CALGARY, ALBERTA, November 26, 2013 – Anterra Energy Inc. (“Anterra” or the “Company”) (TSX‐V: AE.A) (OTCQX: ATERF) is pleased to announce an arm’s length property acquisition in the Nipisi area of north central Alberta.
On November 26, 2013, the Company entered into a Purchase and Sale Agreement for the acquisition of producing oil properties in the Nipisi area of north central Alberta, for a cash consideration of $12.1 million, prior to closing adjustments and any exercise by third parties of preferential rights of purchase. The proposed acquisition is comprised of an approximate 88% working interest in 5,920 gross developed acres of land, including infrastructure and 17 producing oil wells, producing approximately 400 boe/d (94% light oil) net to the Company. Anterra intends to fund the acquisition with cash on hand and existing credit facilities. The vendor is a publicly‐traded intermediate Canadian producer of oil and natural gas. The acquisition is effective as of August 1, 2013 and is expected to close on or before December 20, 2013, subject to satisfaction of customary closing conditions.
“This acquisition is consistent with our objective to build our production and reserve base in Western Canada and will almost double our current production,” stated Dr. Gang Fang, CEO of Anterra. “Looking ahead, we continue to evaluate opportunities to further expand our asset base, increase our production
and add to our inventory of development opportunities.”
In addition to stable low decline production, the Nipisi property provides Anterra with development opportunities through modification of the existing waterflood program and potentially following‐up on an encouraging microbial enhanced oil recovery (“MEOR”) pilot scheme initiated by the vendor.
About Anterra Energy Inc.
Anterra is an independent oil focused junior exploration and production company with an expanding presence in the Western Canadian Sedimentary Basin. The Company is actively engaged in the acquisition, development and production of oil and natural gas complemented by the operation of feebased midstream facilities. The Company is a public Canadian company listed on the TSXV under the symbol “AE.A” and traded on the OTCQX International under the symbol “ATERF”. Additional information is available on the Company’s website at www.anterraenergy.com.

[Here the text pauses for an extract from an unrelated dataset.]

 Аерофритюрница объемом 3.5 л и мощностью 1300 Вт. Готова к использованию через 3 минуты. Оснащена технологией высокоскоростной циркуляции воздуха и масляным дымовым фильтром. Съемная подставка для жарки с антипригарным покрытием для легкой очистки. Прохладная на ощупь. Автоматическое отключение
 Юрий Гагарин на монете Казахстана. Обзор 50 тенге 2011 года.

For further information, please contact:
Chief Executive Officer
Telephone: (403) 215‐2383
Facsimile: (403) 261‐6601
Owen C. Pinnell
Telephone: (403) 215‐2427
Facsimile: (403) 261‐6601
Neither the TSX Venture Exchange nor its Regulation Services Provider (as that term is defined in the policies of the TSX Venture Exchange) accepts responsibility for the adequacy or accuracy of this release.

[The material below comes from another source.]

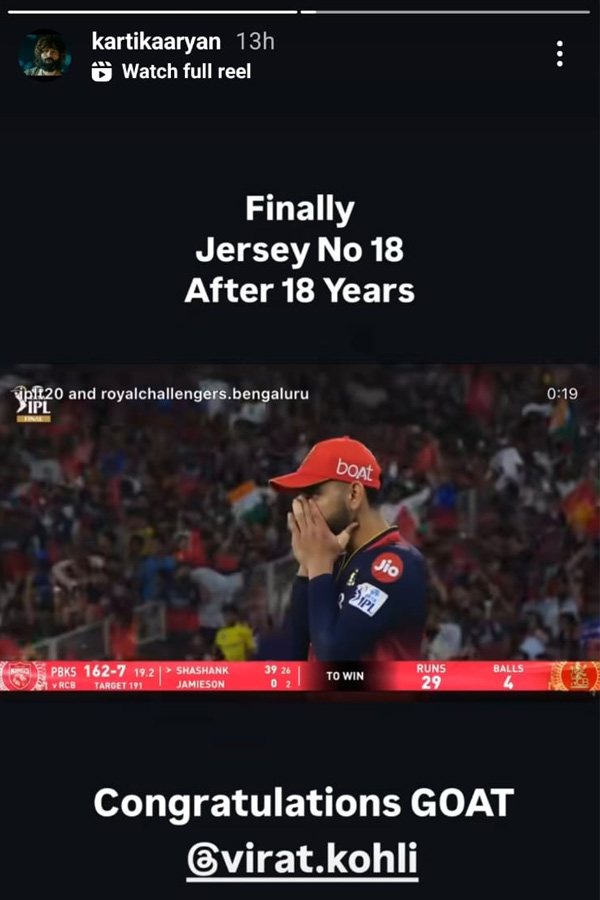বলিউডের ‘রুহ বাবা’ কার্তিক আরিয়ানও বাদ যাননি। সোশাল মিডিয়ায় তিনি শুভেচ্ছা জানিয়ে লিখেছেন, ‘অবশেষে, ১৮টা বছর পর জার্সি নম্বর ১৮।’

This News Release contains forward‐looking statements or information (collectively referred to herein as “forward‐looking statements”) regarding the anticipated benefits of the proposed acquisition to Anterra and the anticipated timing of closing the acquisition. This News Release also contains forward‐looking statements regarding development opportunities through modification of the waterflood program and MEOR potential.
The forward‐looking statements contained in this News Release are based on Anterra management’s current beliefs as well as assumptions made by, and information currently available to, Anterra management concerning anticipated business conditions.
Forward‐looking statements are not guarantees of future performance and the reader should not place undue reliance on these forward‐looking statements as there can be no assurances that the assumptions, plans, initiatives or expectations upon which they are based will occur. In addition, the forward‐looking statements are subject to known and unknown risks, uncertainties and other factors that could cause the actual results, performance or achievements of the Company to be materially different from any future results, performance or achievements expressed or implied by forward‐looking statements. Such factors include, among others: general economic and business conditions; the price of and demand for oil and natural gas and their effect on the economics of oil and gas exploration; actions by governmental authorities; and, changes in government regulations and the expenditures required to comply with them (including, but not limited to, the changes in taxes or the royalty or other share of production taken by governmental authorities). Should one or more of these risks or uncertainties materialize, or should any of the Company’s assumptions prove incorrect, actual results may vary in material respects from those projected in the forward‐looking statements. Readers are cautioned that the foregoing list of risks, uncertainties and other factors is not exhaustive. Unpredictable or unknown factors not discussed could also have material adverse effects on forward‐looking statements. The impact of any one factor on a particular forward‐looking statement is not determinable with certainty as such factors are dependent on other factors, and the Company’s course of action would depend on its assessment of the future considering all information then available. All forward‐looking statements in this News Release are expressly qualified in their entirety by these cautionary statements. Except as required by law, the Company assumes no obligation to update forwardlooking
statements should circumstances or management’s estimates or opinions change.
Certain natural gas volumes have been converted to barrels of oil equivalent (“boe”) using six thousand cubic feet (“mcf”) of gas equal to one barrel (“bbl”) of oil unless otherwise stated. This conversion ratio is based on an energy equivalency conversion method primarily applicable at the burner tip and does not represent a value equivalency at the wellhead. Such disclosure of boes may be misleading, particularly if used in isolation.